Written by JOSH Z / 05.18.09

If you’re to believe anything that former Raiders cornerback DeAngelo Hall says, Al Davis made a bit of a hasty hire in selecting Tom Cable to replace Lane Kiffin as his head coach last year. I guess he couldn’t let some other team take him for their head coaching job. From Jerry McDonald’s interview with Hall on Inside The Oakland Raiders (via flubby):

The funniest Al Davis story from his time in Oakland?

Hall: Probably the funniest thing, I was pretty close to Lane Kiffin…and after they fired Lane and were about to announce who the next coach was – I don’t know if you guys saw this in the media world, but I was actually sitting there live, me and a couple other players there in the back. And [Davis] went through this whole spiel of what happened…and said our next coach is Tom Cable, he’s going to be our interim coach. When everybody paused for Tom to come in, like a breakoff. [Davis] goes to the media guide and not even whispering says ‘hey, anyone got any information on this Tom Cable guy, I don’t know where he comes from.’ That’s just vintage Al Davis. Making a move, not really knowing why, no real justification for doing it.
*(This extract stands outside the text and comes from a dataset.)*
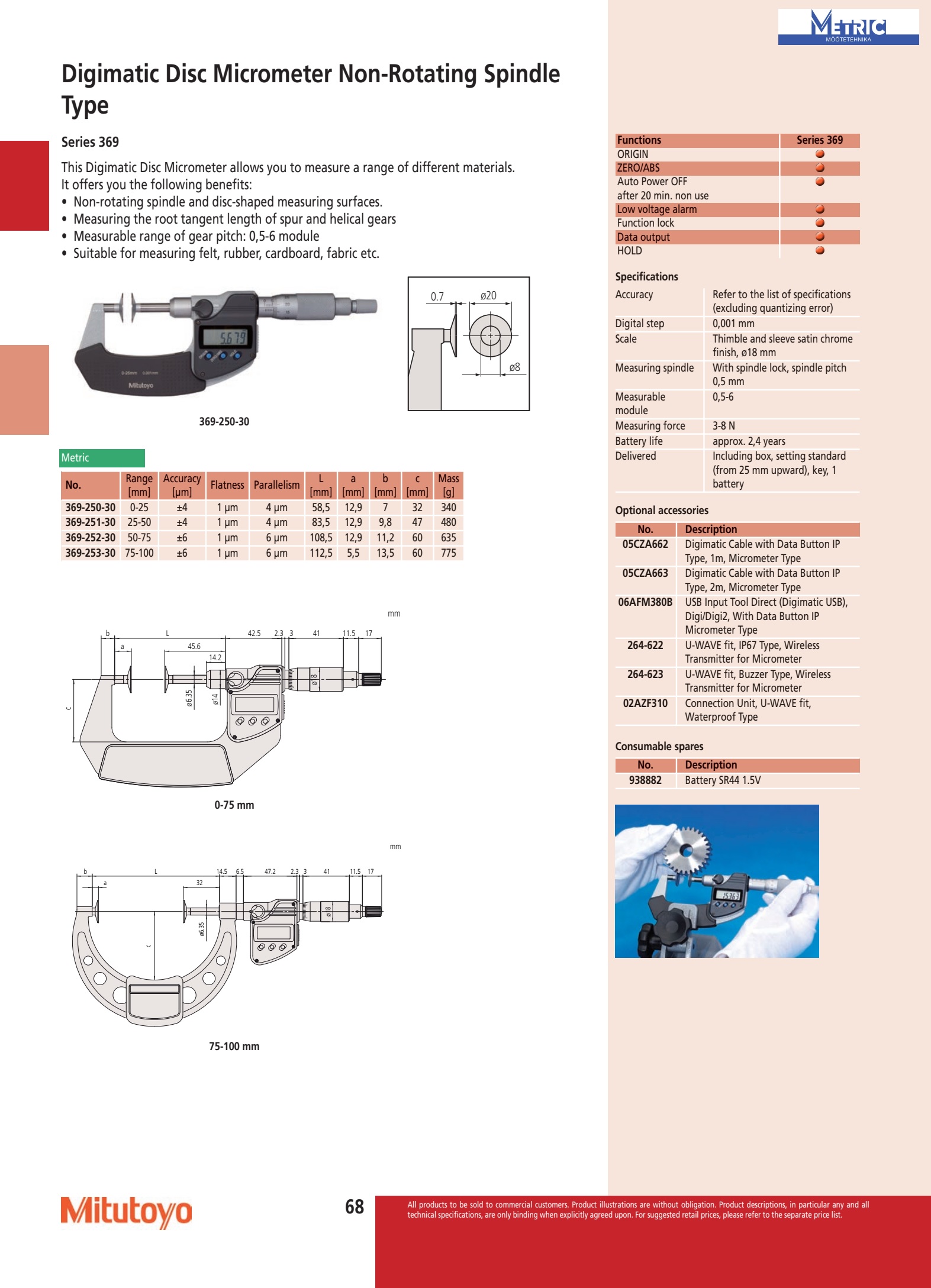 Mitutoyo, được thành lập vào ngày 22 tháng 10 năm 1934 được thành lập bởi Yehan Numata (沼 田 恵 範 Numata Ehan) với một sản phẩm, thước đo micromet. Triết lý của Mitutoyo lúc đó là sản xuất thước đo micromet chất lượng cao, nhưng cũng để sản xuất chúng với số lượng đủ để mang đến giá cả phải chăng và có sẵn cho tất cả các sản xuất. Triết lý này đã được mở rộng trong vài thập kỷ tiếp theo để đưa ra phạm vi sản phẩm rộng hơn tập trung vào các sản phẩm cơ khí, thước đo kích thước, chẳng hạn như kẹp, chỉ số vòng và các dụng cụ đo khác.

But just saying, ‘hey, I want this guy, let’s get him, I’ll figure everything else out later.’ And that’s just how Al Davis is.

Nothing this guy does could surprise us anymore. I don’t know whether to bet that his next hire will be a Muppet, a homeless guy, or just some jagoff from Merced. Fortunately for Davis, Tom Cable is all of those things. Well done, Mr. Davis.